Even dogs know the difference between discipline out of love vs. frustration...
Have so much to do today but all I want to do is curl up and get 8 hours of uninterrupted sleep. Been sleeping so much on my time off recently - Probably the only thing keeping me from getting sick...
Not to mention the puppy getting up once a night. It is good preparation for parenting - although I feel kids sleep more in the first couple of months during the day... I am really hoping we can have it where I'm not working or only working part-time when we have kids because I don't know how I will survive without sleep.
So whiny today... I just want to curl up and sleep! ALL DAY LONG!
Good thing Bible study is at 12 or else I would probably be really tempted to do just that. It is hard to resist even now. Just worn out... weary of "doing good" - I guess that is clear enough indication of a heart issue. I take so much credit for just living rightly when the truth is I'm fighting you for the bit every other second and then standing and moping about how awful things are when I finally wrest control and you allow me to have it until I dejectedly give up.
Love me anyway, Father! In the midst of my pathetic-ness and stubbornness and disobedience and grumpiness and petulance - love me anyway! Please... I need Your love - need to be able to burrow into it - be comfy and cozy in it and just let it soak in until I'm ready to face the world again.
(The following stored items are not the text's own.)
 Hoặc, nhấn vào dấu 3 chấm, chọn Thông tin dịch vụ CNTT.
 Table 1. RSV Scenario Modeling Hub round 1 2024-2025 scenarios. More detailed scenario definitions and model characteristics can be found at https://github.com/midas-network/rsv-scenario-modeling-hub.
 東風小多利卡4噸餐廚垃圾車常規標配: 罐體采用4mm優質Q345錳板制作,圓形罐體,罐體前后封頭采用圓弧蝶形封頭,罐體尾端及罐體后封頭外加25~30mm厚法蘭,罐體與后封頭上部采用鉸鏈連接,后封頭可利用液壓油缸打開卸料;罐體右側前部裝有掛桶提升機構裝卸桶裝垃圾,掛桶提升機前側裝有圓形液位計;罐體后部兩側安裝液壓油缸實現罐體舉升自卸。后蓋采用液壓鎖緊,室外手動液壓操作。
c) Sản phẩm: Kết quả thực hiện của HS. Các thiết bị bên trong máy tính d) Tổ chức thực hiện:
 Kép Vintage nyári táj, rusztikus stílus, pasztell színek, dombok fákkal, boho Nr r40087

Help me Father - I know it's all in You - for You - by You - through You - under Your control -
But I am tired.
Even without doing anything - not accomplishing even one bit of something - I still feel tired and want cuddles and love and am being pathetic and clingy about it today - I know. Love me - Love me - Love me - please love me - anyways.
Psalm 88
"O Lord, God of my salvation,
I cry out day and night before you. v.1
Let my prayer come before you;
incline your ear to my cry! v.2
For my soul is full of troubles,
and my life draws near to Sheol. v.3
You have put me in the depths of the pit,
in the regions dark and deep. v.6
Your wrath lies heavy upon me,
and you overwhelm me with all your waves." v.7
Sometimes Father I do feel that You are the one who puts us in the pit - who presses in upon us with Your presence and grandeur and awesome-ness so big that it threatens to strangle us.
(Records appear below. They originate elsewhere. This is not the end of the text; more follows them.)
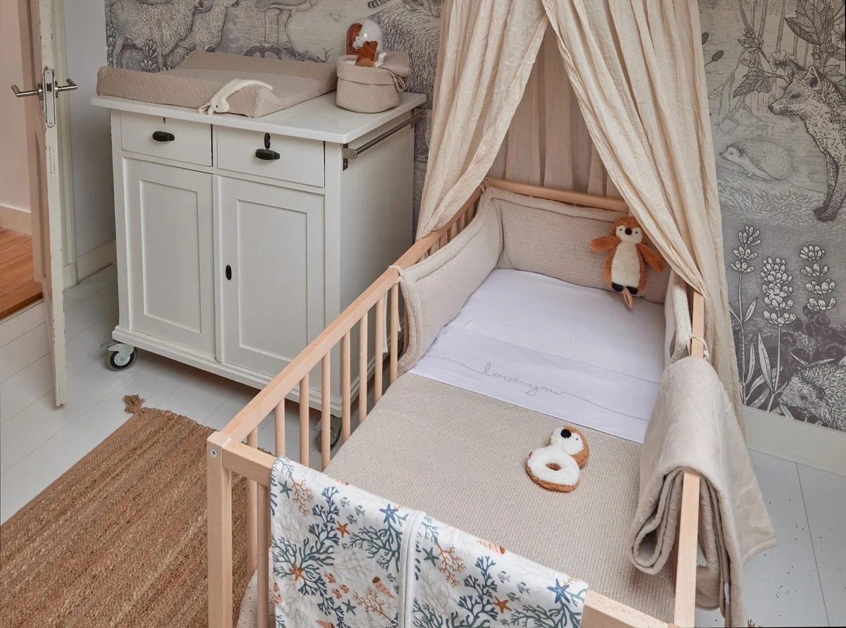 Het laken past met afmeting 75×100 cm in een wieg of kinderwagen. Het is ook in groter formaat verkrijgbaar voor een ledikant.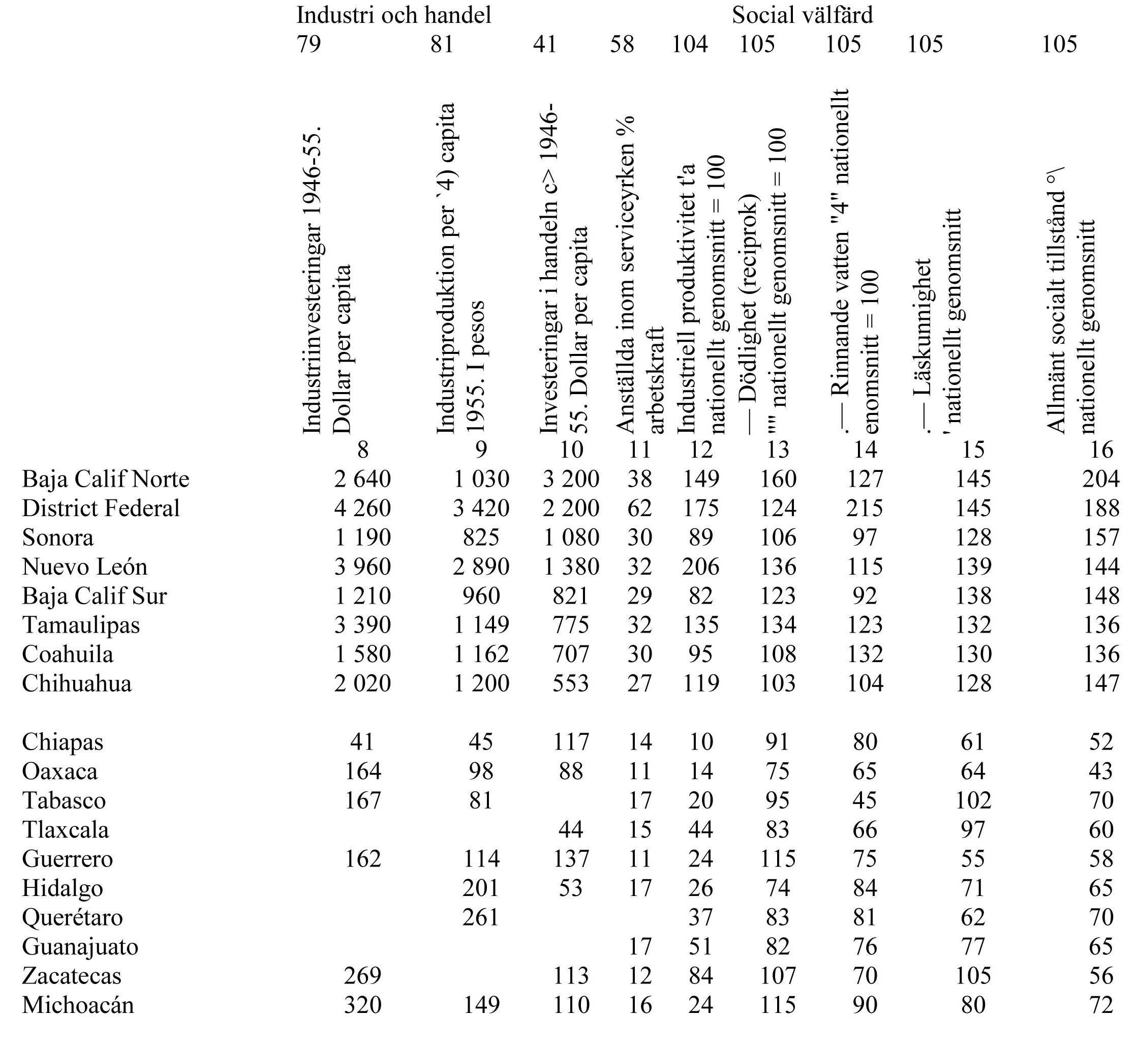 Källa: Paul L. Yates, El Desarollo Regional de México. Siffrorna högst upp hänvisar till Yates för varje kolumn.
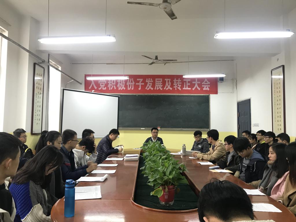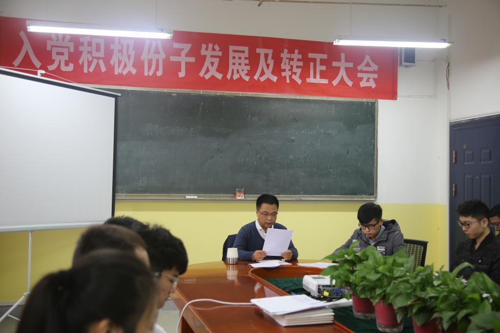 2018年11月30日,ac米兰官方网站党总支学生党支部于教学南楼228召开入党积极分子发展及转正大会,学生党支部书记曹建波老师、辅导员杨陈东老师出席此次大会,会议由曹建波老师主持,ac米兰官方网站学生党员、预备党员、积极分子等共有50余学生参加。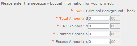 Below are the instructions for each line item of the budget form. For each line item, you will have to document the CNCS Share, Grantee Share, and the Excess Amount.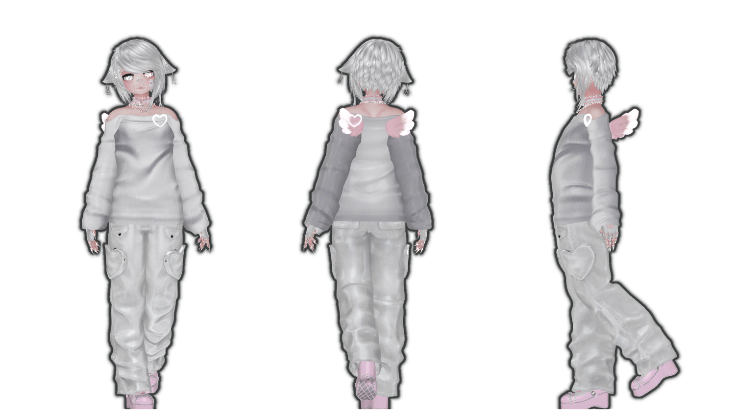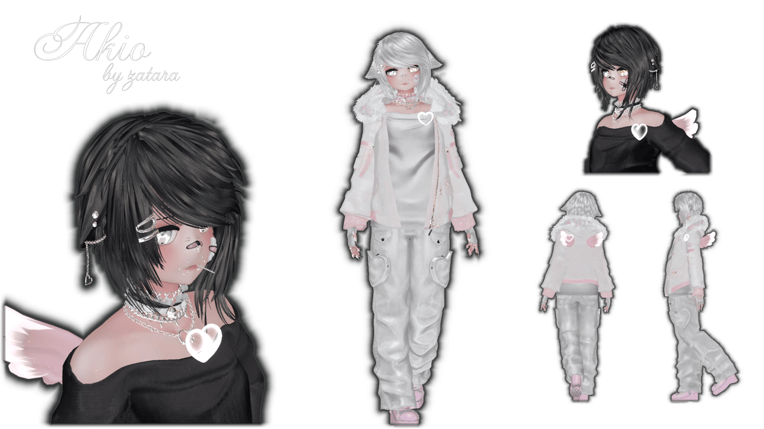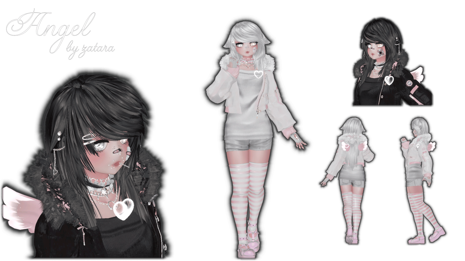 Jacket | Claws | Collar | Cheek Bandaid | Nose Bandaid | Finger Bandaids | Glasses | Gloves | Lollipop | Necklace 1 | Necklace 2 | Necklace 3 | Rings | Wings | Ears | Bangs Swap | Heart | 5 Hair Colors | Black to white swap | Hue Shift | Gogo Loco

The waves that called out - deep to deep - and roused in me the passion to live for You - are now the very same waves that threaten to crush me in their intensity and the fact that You are too much Father - TOO MUCH!
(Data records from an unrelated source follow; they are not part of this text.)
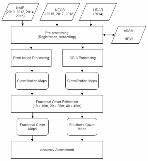 Methods for this study include image pre-processing, image segmentation, image classification, grid-based fractional cover estimation and accuracy assessment (Figure 2). Software utilized for image processing and analysis includes ERDAS IMAGINE, eCognition, and ArcMap.
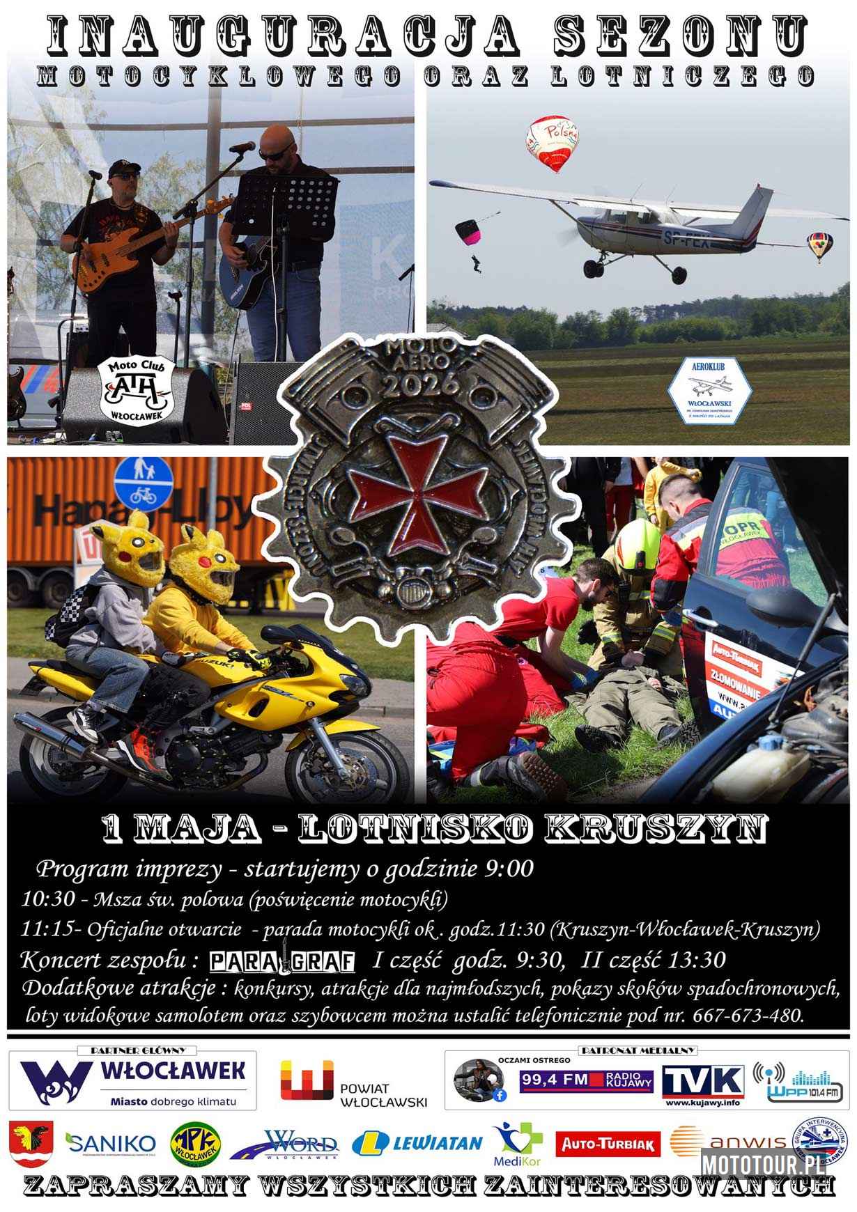 ATH MOTOCLUB Włocławek i Aeroklub Włocławek jest organizatorem kolejnej edycji Moto-Aero 2026 – Inauguracji Sezonu Motocyklowego i Lotniczego. Wpadajcie już 1 maja 2026 r. o godzinie 9.00 na lotnisko KRUSZYN - Włocławek. Na terenie lotniska będzie mnóstwo stoisk z gadżetami motocyklowymi i nie tylko. Jednym słowem każdy znajdzie coś dla siebie. W programie msza św. polowa, następnie poświecenie przybyłych maszyn, parada motocykli ulicami Włocławka. Koncerty zespołów Paragraf - 9:00 oraz Czaqu - 14:00. Nie zabraknie konkursów, atrakcji. Wpadajcie tradycyjnie 1 maja na lotnisko.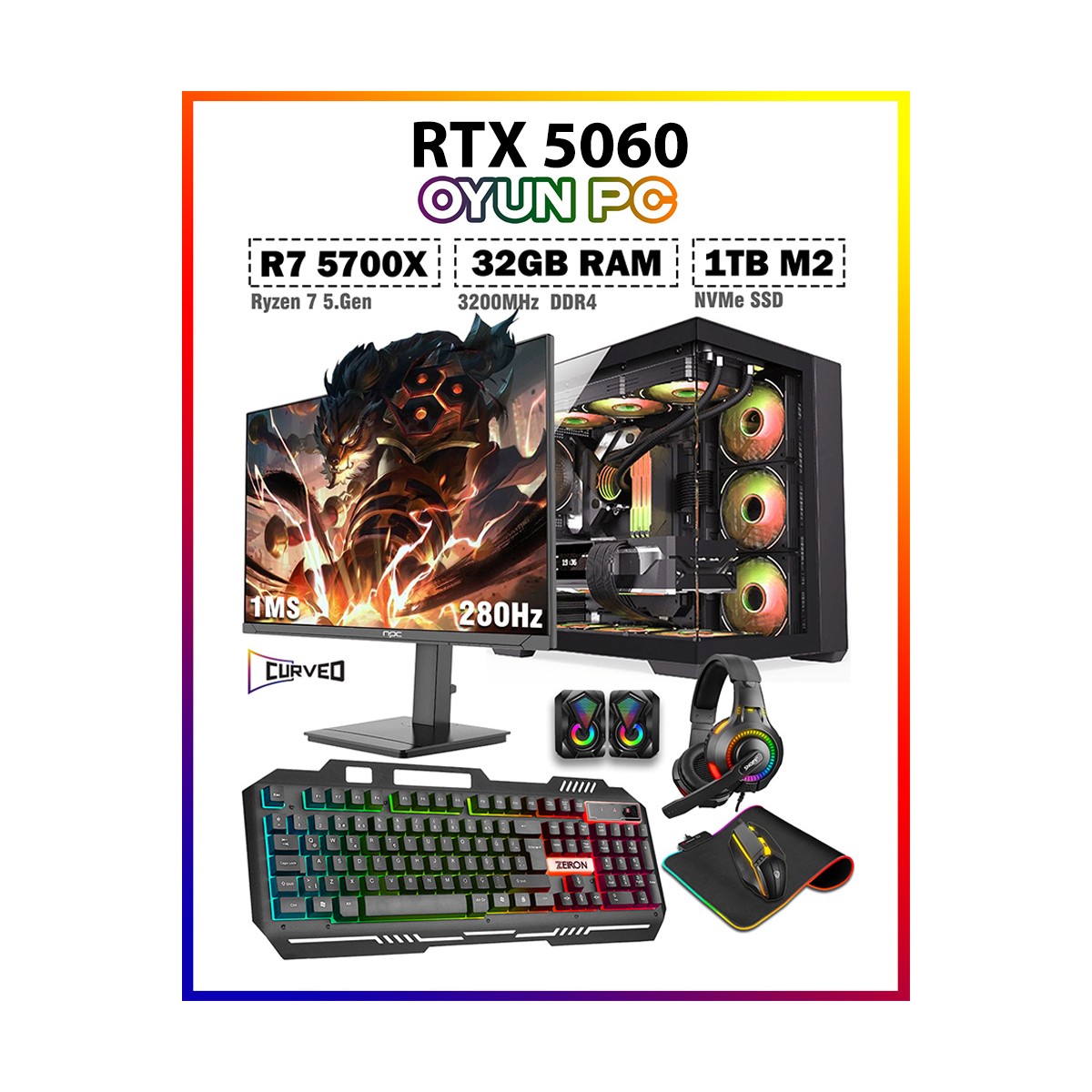 - Zeiron Warrior Eagle X55 Ryzen 7 5700X 32GB 1TB M.2 SSD RTX5060 27″ 280Hz 2 Fanlı Sıvı Soğutmalı 2 Fanlı Ekran Kartı Premium Oyuncu Bilgisayarı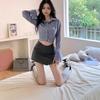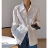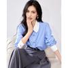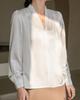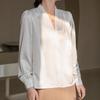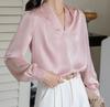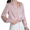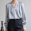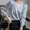 Camisa de manga larga ajustada de satén con cuello en V y costuras plisadas de estilo coreano para mujer, primavera y otoño de 2024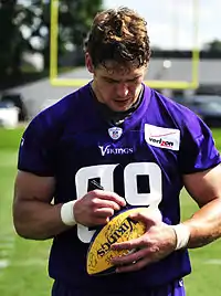 On March 14, 2012, Carlson signed a five-year, $25 million contract with the Minnesota Vikings.[7] In 2013, his contract was restructured, with his base salary reduced from $2.9M to $1.5M, and his workout bonus reduced to $50,000.[8] Paul Allen of KFAN Minnesota once said "the combination of John Carlson and Kyle Rudolph would be the best tight end combination besides Rob Gronkowski and Aaron Hernandez."
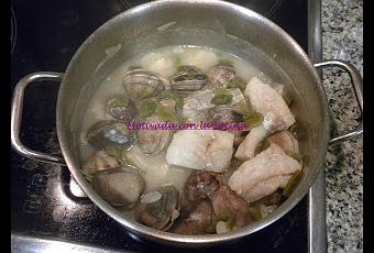 3. Se añaden las almejas y se remueve a fuego lento.

Even life is hard... even existence is hard...
Let alone a purposeful - intentional existence...
Even as little as I do - or try to lay down - is too little... and yet for me it is hard and I find it hard to sustain.
"I am shut in so that I cannot escape;
my eye grows dim through sorrow. v.8
Everyday I call upon you, O Lord;
I spread out my hands to you. v.9
O Lord, why do you cast my soul away?
Why do you hide your face from me? v.14
Afflicted and close to death from my youth up,
I suffer your terrors; I am helpless." v.15
I cannot sustain this life without You Father - and I know You are not far off now - though at times I have been where this Psalmist is - Feeling like You have withdrawn and left me exposed and alone... But this morning I hear You say to me - Come then - Put down your pen my love - put it down and come snuggle up and let's rest together for a bit. There is time - and we need this together.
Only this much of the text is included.